Directions for this task:
What is needed is every line of the material that contains "para".

Dataset content:
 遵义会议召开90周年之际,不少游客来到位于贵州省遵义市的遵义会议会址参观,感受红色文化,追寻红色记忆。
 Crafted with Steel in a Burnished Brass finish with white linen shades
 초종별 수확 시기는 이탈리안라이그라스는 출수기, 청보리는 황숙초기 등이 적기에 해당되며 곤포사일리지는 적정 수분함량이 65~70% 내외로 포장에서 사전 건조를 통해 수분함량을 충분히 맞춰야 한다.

--

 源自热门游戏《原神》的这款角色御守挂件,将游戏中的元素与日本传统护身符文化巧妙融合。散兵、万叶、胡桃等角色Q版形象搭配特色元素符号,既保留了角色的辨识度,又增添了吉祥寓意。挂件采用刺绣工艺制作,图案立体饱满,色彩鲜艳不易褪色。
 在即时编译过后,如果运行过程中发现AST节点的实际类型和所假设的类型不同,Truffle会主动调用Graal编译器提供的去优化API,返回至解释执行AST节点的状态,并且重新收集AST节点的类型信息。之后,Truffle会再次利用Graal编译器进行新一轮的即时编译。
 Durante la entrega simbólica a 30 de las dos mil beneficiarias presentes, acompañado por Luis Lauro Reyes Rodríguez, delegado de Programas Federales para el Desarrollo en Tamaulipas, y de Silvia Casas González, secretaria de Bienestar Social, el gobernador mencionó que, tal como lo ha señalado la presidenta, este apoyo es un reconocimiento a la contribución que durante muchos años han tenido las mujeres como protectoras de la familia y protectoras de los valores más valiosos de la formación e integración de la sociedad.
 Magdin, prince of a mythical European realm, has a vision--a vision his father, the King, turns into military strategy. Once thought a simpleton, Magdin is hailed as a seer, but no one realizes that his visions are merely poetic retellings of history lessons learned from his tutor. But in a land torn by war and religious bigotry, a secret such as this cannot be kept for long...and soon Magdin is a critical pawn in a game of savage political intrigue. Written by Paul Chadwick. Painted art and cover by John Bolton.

---

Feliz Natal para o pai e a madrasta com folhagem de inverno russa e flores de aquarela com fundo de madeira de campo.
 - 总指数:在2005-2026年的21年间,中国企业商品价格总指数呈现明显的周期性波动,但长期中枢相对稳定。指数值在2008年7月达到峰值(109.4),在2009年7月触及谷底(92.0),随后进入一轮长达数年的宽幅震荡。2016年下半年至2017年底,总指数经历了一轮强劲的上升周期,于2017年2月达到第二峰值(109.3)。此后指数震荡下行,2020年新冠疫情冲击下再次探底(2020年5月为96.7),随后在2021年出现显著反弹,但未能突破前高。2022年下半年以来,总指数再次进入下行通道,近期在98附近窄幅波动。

Result of the task:
 Durante la entrega simbólica a 30 de las dos mil beneficiarias presentes, acompañado por Luis Lauro Reyes Rodríguez, delegado de Programas Federales para el Desarrollo en Tamaulipas, y de Silvia Casas González, secretaria de Bienestar Social, el gobernador mencionó que, tal como lo ha señalado la presidenta, este apoyo es un reconocimiento a la contribución que durante muchos años han tenido las mujeres como protectoras de la familia y protectoras de los valores más valiosos de la formación e integración de la sociedad.
Feliz Natal para o pai e a madrasta com folhagem de inverno russa e flores de aquarela com fundo de madeira de campo.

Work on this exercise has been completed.